Notes from 1-800-FARMAID hotline calls in March suggest that despite reports of a “booming farm economy,” it really ain’t quite booming for everybody:
A cotton farmer in the Southeast called to report that “farmers are struggling down here.” Now 62, he said, “We’re in worse shape than when I started and I’ve been farming all my life. We’re using up all our equity and it’s getting critical. Around here, farming, construction, mining, logging—people who dig in the dirt—if they aren’t helped, things are looking mighty dim.” He also said a local textile mill had recently closed and his wife lost her job after 30 years.

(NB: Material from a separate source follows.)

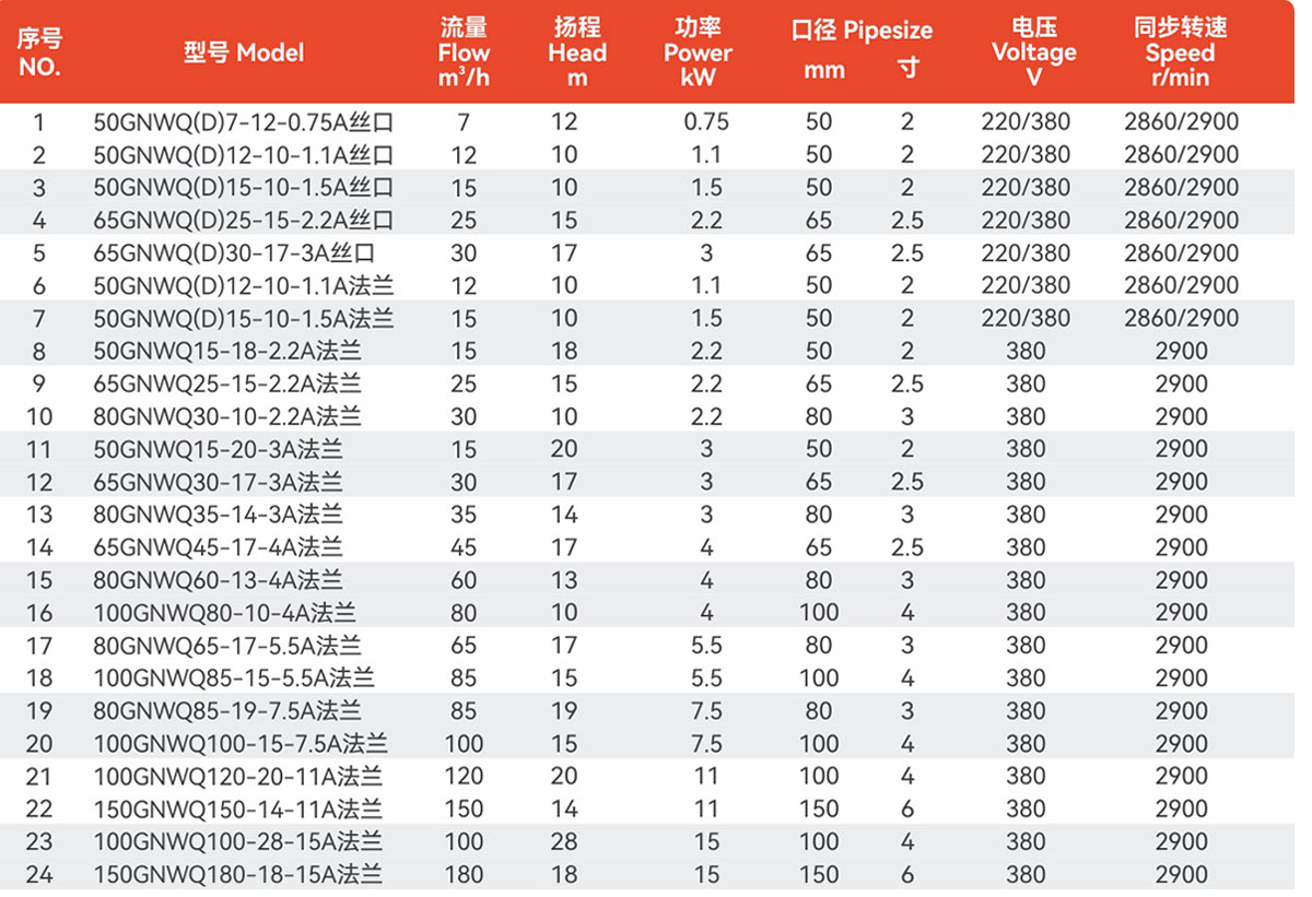 本公司生產(chǎn)的GNWQ泵系列具有革命的水力設(shè)計(jì),保證了泵在長期運(yùn)行過程中高效、可靠及無故障的工作狀態(tài)。GNWQ泵系列從兩個(gè)方面節(jié)省產(chǎn)品生命周期成本。一方面,運(yùn)行過程中大幅度降低電耗,最大降低電耗可達(dá)50%,另一方面,運(yùn)行過程中少維護(hù)或免維護(hù),這是因?yàn)椋篏NWQ泵系列是市場上最高效的潛污泵。 GNWQ泵系列能長期保持高效,即便是在含有大量顆粒和纖維的介質(zhì)中。GNWQ泵系列有著卓越的不堵塞特性,排除了堵塞的風(fēng)險(xiǎn)。

Local banks, unwilling to lend, are blind to his argument that “farming isn’t only a business.”
A Midwest hay farmer who sells to a nearby dairy reports that his longtime local bank won’t finance him this year: “They’re saying that unless I file a lawsuit [for money owed] against the dairy I work with, they won’t consider me for a loan. But I refuse to do anything against that dairy because they’ve probably helped me more over the years than I helped them.” To this farmer, too, farming is more than only a business.
A Northern Plains grain and livestock producer called to inquire about grant programs he might tap into. He said his region has seen eight straight years of drought. With credit card debt piling up, an unresponsive local bank and no money left to buy seed for spring planting, he said, “Same ones who control our credit card debt make decisions about our credit rating. It’s a black hole we can’t climb out of.” Tough to do business, or anything else, from a black hole.
Even a banker contacted the hotline—this just doesn’t often happen—seeking help for three dozen struggling rice farmers near the Gulf Coast. With the high cost of fuel interrupting their ability to meet cash flow requirements for new loans, prospects for the new season look bleak.
Meanwhile, like new flowers blooming in springtime, beginning farmers in record numbers continue to contact the hotline and use our online Farmer Resource Network to seek assistance and support. Despite facing fundamental issues of land access and credit availability, their enthusiasm for the farming life is unbounded, a beautiful thing to behold. Like that Southern cotton farmer and Midwest hay farmer, they know that farming is not only a business and they’re ready and willing to get their hands dirty to prove it.